The study titled “HP 2008 Data Center Transformation Survey,” was conducted by Penn, Schoen and Berland, the technology company said.
To meet this growing demand, the company announced a set of products and services designed to help customers transform their data centers from a stand-alone collection of physical assets into a virtual and adaptive infrastructure.
These technology tools and strategies would address a company’s top data center initiatives such as energy efficiency, automation, virtualization, consolidation and business continuity, HP said.
“Today customers are facing multiple challenges — the explosion of data, a growing mobile workforce and the need for access to real-time information,” said Uday Kumaraswami, vice president, consulting and integration, HP services, technology solutions group, APJ. “HP is uniquely qualified to help CIOs dramatically change the way they create, manage and operate their data centers.”

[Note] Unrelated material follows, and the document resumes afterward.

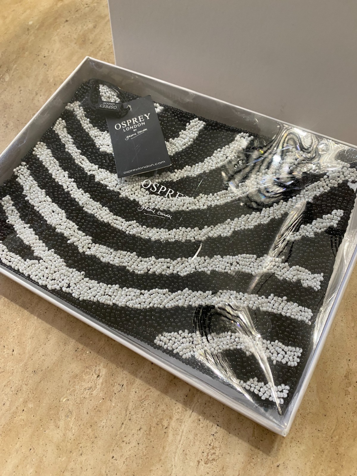 OSPREY ZEBRA BLACK & WHITE BEADED POUCH The exquisite quality and style of each hand made accessories is ideal to pair with your favourite Outfit… spending has never been so well coordinated! Quality, workmanship, is characterized by color, print, and the love for detail. A sensational line of designer items which aims to help you express your own style statement. This beautiful collection is designed especially for the freespirited, and offers a relaxe d sense of urban style which is totally unique. Be free to create your own sophisticated look with this The sweetest gift for a loved one or yourself. Brand new in box, original price £85.00 Check out my other items ! Be sure to add me to your favourites list ! If you have any questions do not hesitate to contact me. I post out six days a week. Thankyou for looking. x

HP infrastructure additions include new services such as HP critical facilities services, data center consolidation services, data center virtualization services and a ProLiant server.
The firm also announced release of HP Operations Orchestration Enhancements that will enable companies extend comprehensive automation across all physical and virtual infrastructures by automating manual and error prone processes across clients, applications, servers, networks, and storage.